Records from a data source:
★ ★ ★ ★ ★ ★ ★

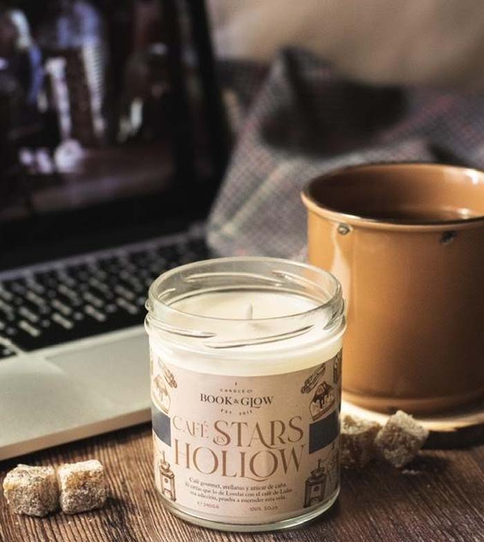Candela di soia della collezione Extraordinary Worlds di Book and Glow. Cafe a Stars Hollow (ex Luke's).
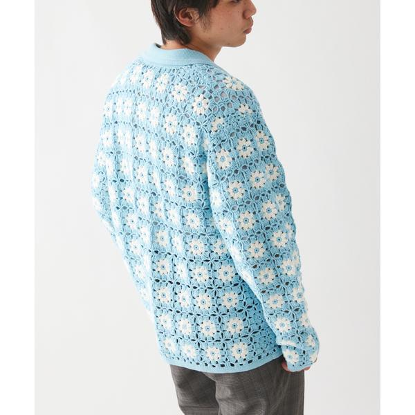 今回も人気のオープンカラーシャツ型で可愛らしいカギ編みに対し、男性でも女性でも着用しやすい短丈のシルエットデザインになっているのも魅力のデザインです♡
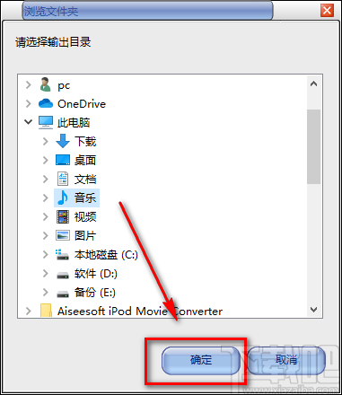 4.在文件保存路径选择页面中,我们选中文件的保存位置后,再点击页面右下角的“确定”按钮即可。
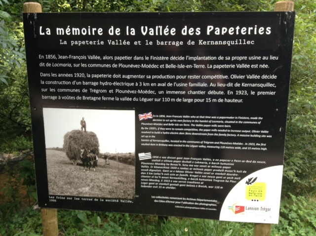We enjoyed a lovely rural drive through the ‘Vallee des Papeteries’, the old paper making industry route in the Léguer Valley, stopping off at the ruins of an old factory and latterly the remnants of a disassembled barrage which had been the location of another paper making factory.
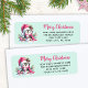 These unique pink and mint green Christmas return address labels feature the "Merry Christmas" saying in casual script font and a cute penguin in a pink Santa hat. The template makes it easy to type your address before ordering.
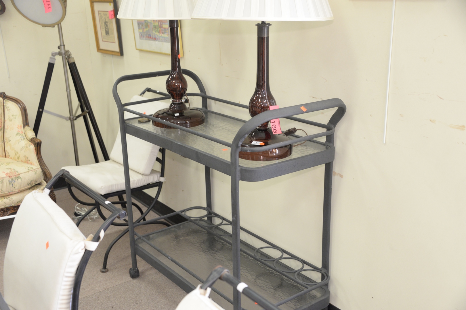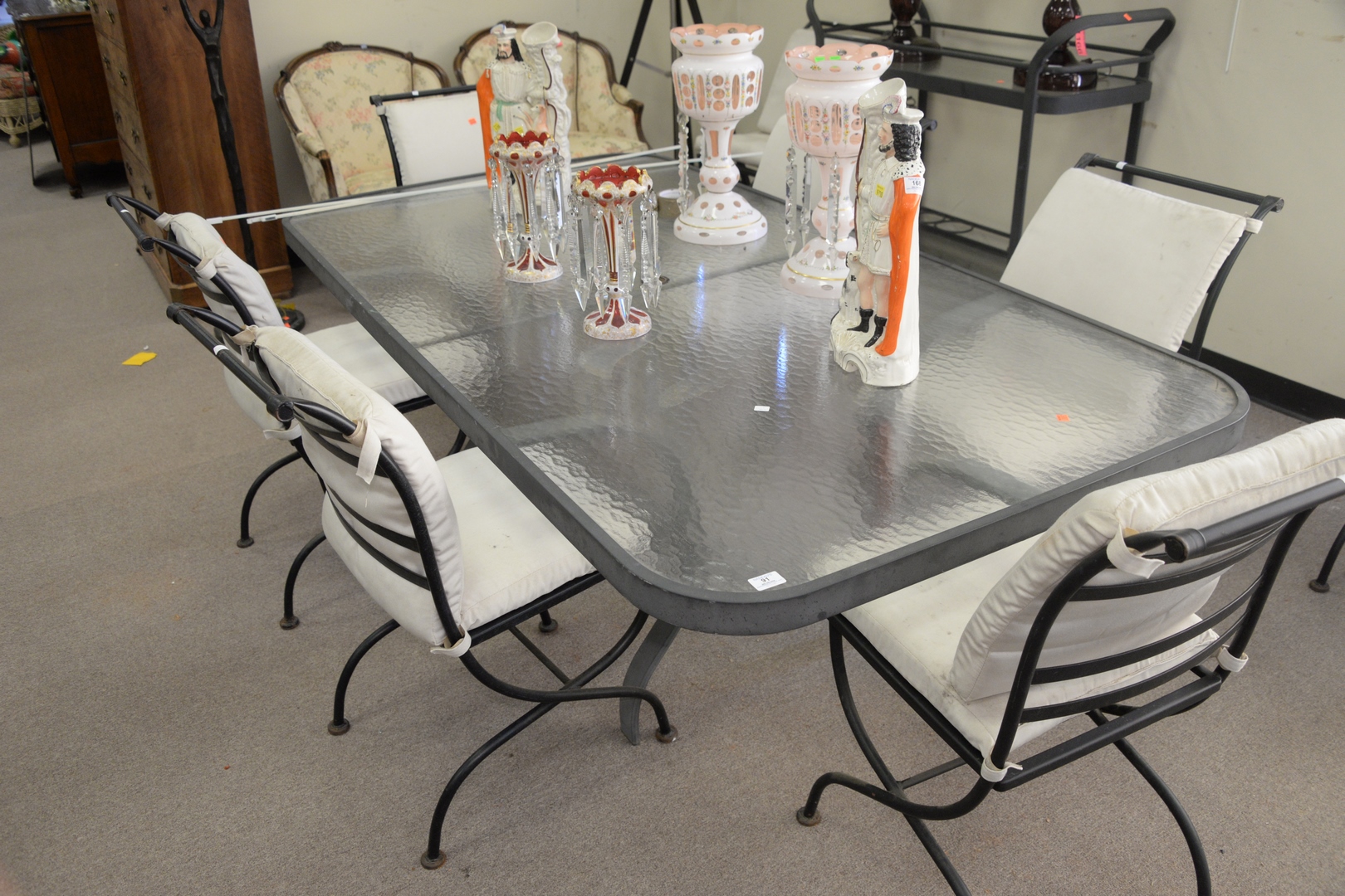 Eleven Piece Outdoor Patio Set, to include eight iron chairs with cushions, a glass top table, umbrella and a two tier cart, top 43″ x 81″.
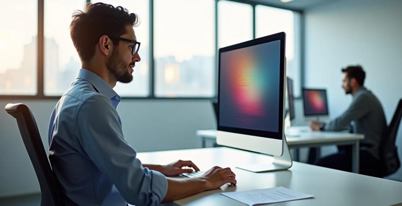 Face à ce flou, votre réflexe inconscient est de vous pencher en avant pour retrouver la distance de netteté de vos lunettes, ramenant ainsi l'écran dans la zone des 40 cm. Cette posture, maintenue des heures durant, crée une tension directe sur les vertèbres cervicales et les muscles du dos. Pour un travailleur de bureau passant en moyenne plus de 32 heures par semaine devant un écran, cette compensation posturale devient une source de douleurs chroniques. Le verre unifocal crée un conflit insoluble : soit votre vision est nette et votre posture est mauvaise, soit votre posture est correcte et votre vision est floue.
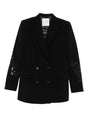 black sequin embellishment front button fastening long sleeves side flap pockets Embroidered double-breasted jacket
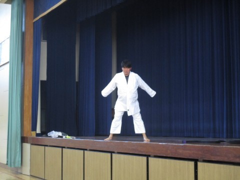 さて、体育の授業では柔道がはじまりました!1日目の今日は柔道着の着方から確認しています。
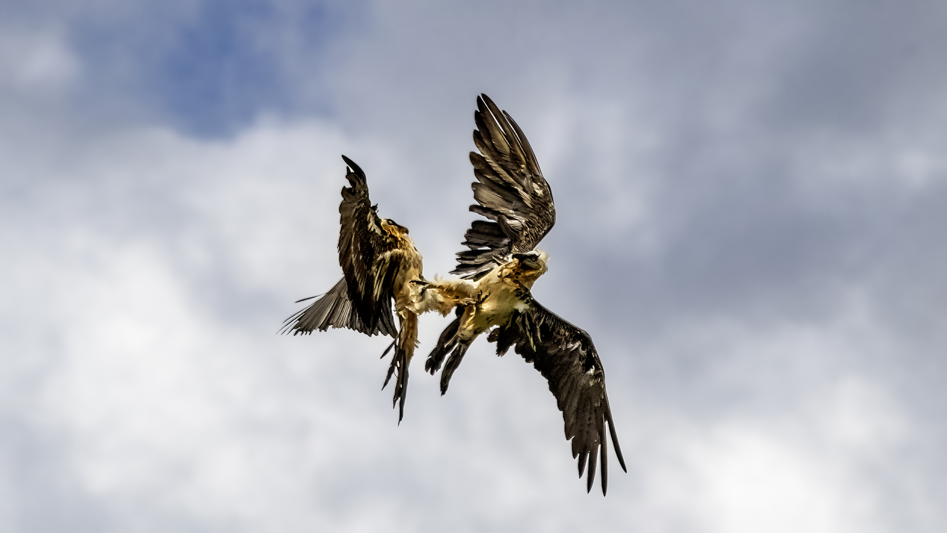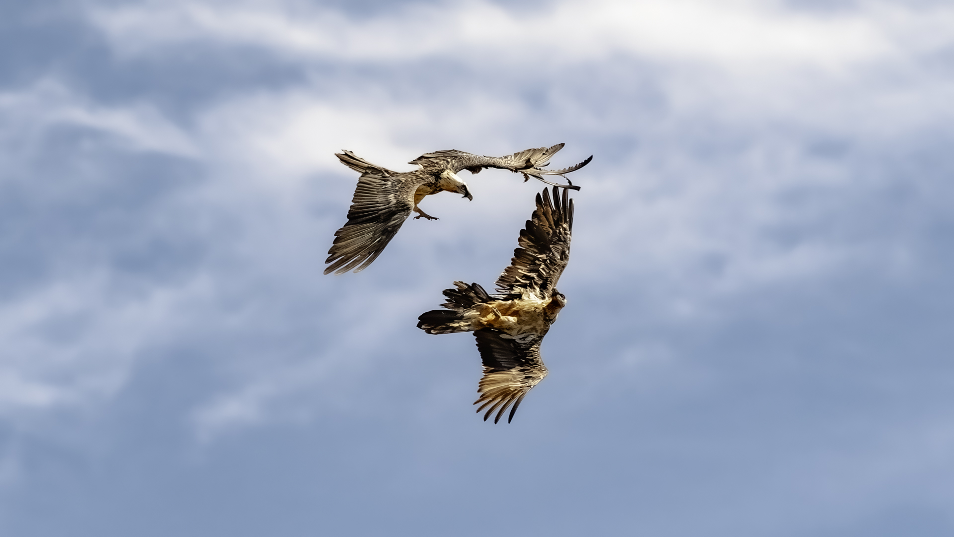 Well, I used to be satisfied with my previous bearded vulture gallery and the species was not the reason for my return to vulture hides in Spain. But my subsequent encounter with these birds has turned out to be more fruitful than the first one and it has far exceeded my expectations. All this thanks to favorable clouds and vultures’ fights. I have already written about air funnels which bearded vultures need to fly. Unfortunately, an intense sunlight caused “overlighting” of the white vultures’ necks. This time the birds occurred after a warm and cloudless morning, but after a while they covered the sky, or the sun, to be more precise. What is more, the birds fought with each other, which I hadn’t happened to observe before. Numerous photos of better quality were taken and the gallery has been remodeled, so the bearded vulture gets into the news section.

★ ★ ★ ★ ★ ★ ★

To do: Give the lines exactly, from the first line of the entries to the line with "We enjoyed a", both ends included. Skip the pictures.

Written solution:
Candela di soia della collezione Extraordinary Worlds di Book and Glow. Cafe a Stars Hollow (ex Luke's).
 今回も人気のオープンカラーシャツ型で可愛らしいカギ編みに対し、男性でも女性でも着用しやすい短丈のシルエットデザインになっているのも魅力のデザインです♡
 4.在文件保存路径选择页面中,我们选中文件的保存位置后,再点击页面右下角的“确定”按钮即可。
We enjoyed a lovely rural drive through the ‘Vallee des Papeteries’, the old paper making industry route in the Léguer Valley, stopping off at the ruins of an old factory and latterly the remnants of a disassembled barrage which had been the location of another paper making factory.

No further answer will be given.